In the entries that follow, find the line containing "Discover a completely" and the line containing "你们好,今天木子分享萌宝来袭", then retype exactly the lines from the first through the second, pictures excluded.

Items from a data source
········

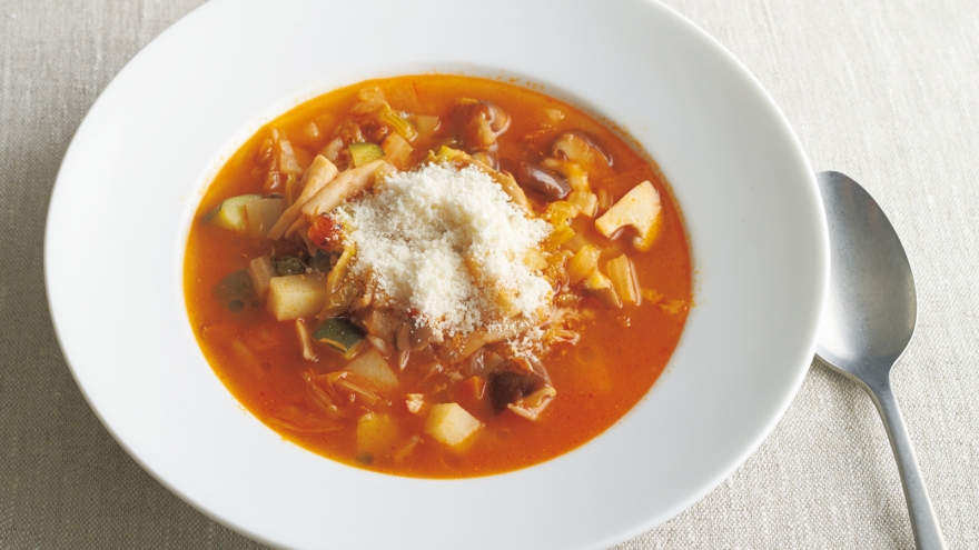 たっぷり野菜の和風ミネストローネのレシピ作り方:白ごはん.com。
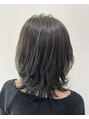 サイドから襟足にかけてインナーに、ネイビーブルーをオン!全体は相性の良いアッシュで可愛いネオウルフスタイルの完成です(o^^o)顔まわりは軽めに、インナーブルーが見えるバランスを考えた段の入れ方がポイント。小顔効果アップ!!
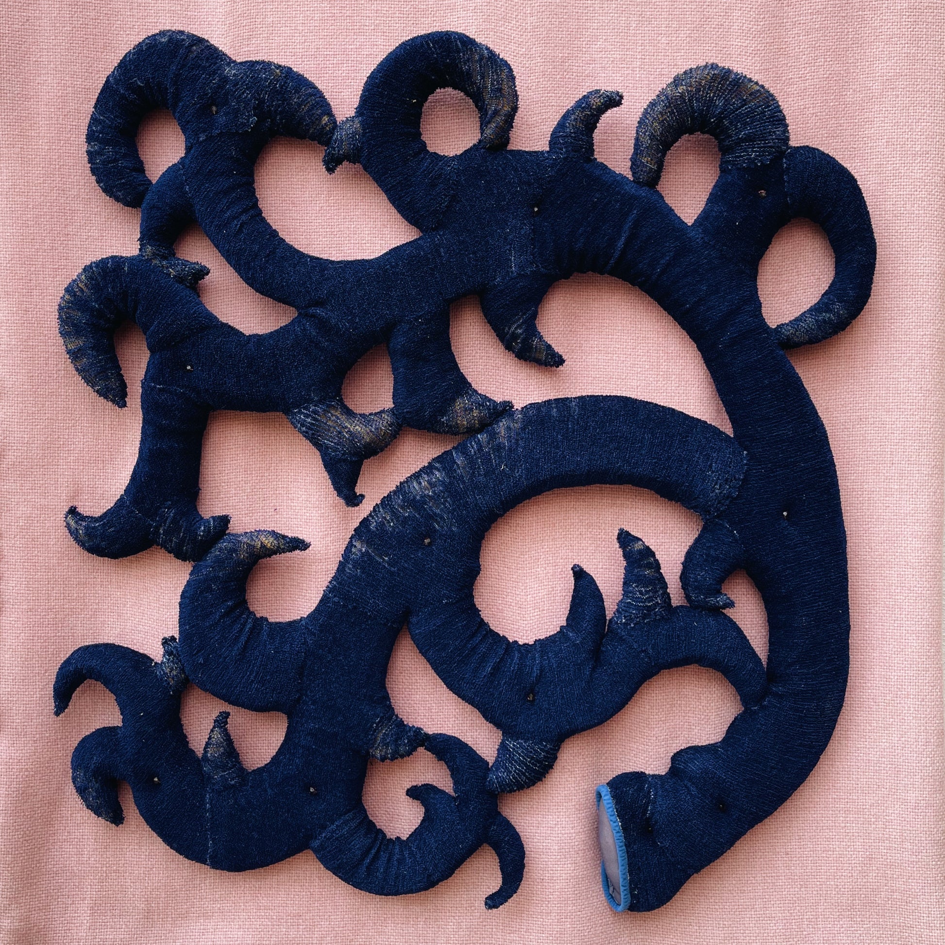 Discover a completely unique treasure from the past with this large 3D textile artwork from Sweden, 1970s. This charming wall decor is hand-made and carefully crafted, it features an abstract, padded motif in deep blue attached to a pink wool background.
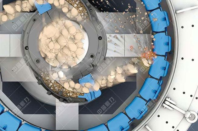 立式復合破碎機提率方:1、調改好驅動V型皮帶:立式復合破碎機的驅動三角繃緊度應調改合適,以三角膠帶受力均勻;2、葉輪系統可以不錯的調整石頭在碎石腔內進行
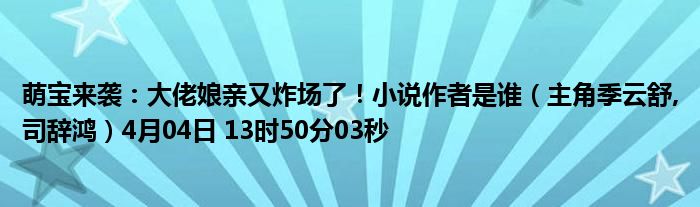 你们好,今天木子分享萌宝来袭:大佬娘亲又炸场了!小说作者是谁,跟随我一起瞧瞧吧!
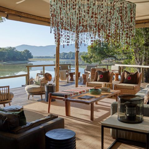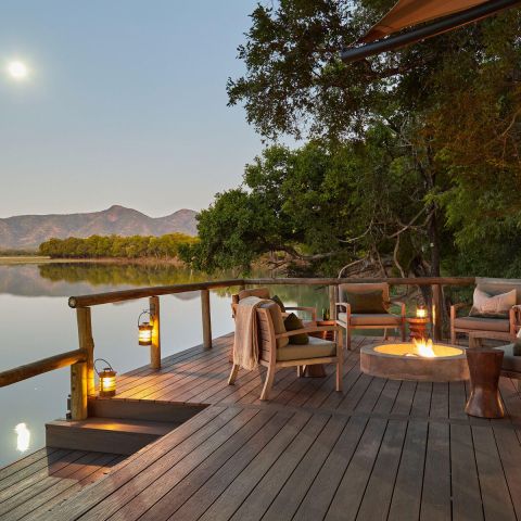 At Chindeni you can combine that thrill with style and comfort in one of its four opulent tents. Gaze out from your private veranda onto the lagoon which attracts birds and animals from miles around. Or settle back in the central lounge and dining area – a glorious expanse of varnished decking arranged on several levels around the surrounding ebony trees, boasting the same spectacular view of the serene lagoon and its inhabitants.

········

**RESPONSE BOX:**
 Discover a completely unique treasure from the past with this large 3D textile artwork from Sweden, 1970s. This charming wall decor is hand-made and carefully crafted, it features an abstract, padded motif in deep blue attached to a pink wool background.
 立式復合破碎機提率方:1、調改好驅動V型皮帶:立式復合破碎機的驅動三角繃緊度應調改合適,以三角膠帶受力均勻;2、葉輪系統可以不錯的調整石頭在碎石腔內進行
 你们好,今天木子分享萌宝来袭:大佬娘亲又炸场了!小说作者是谁,跟随我一起瞧瞧吧!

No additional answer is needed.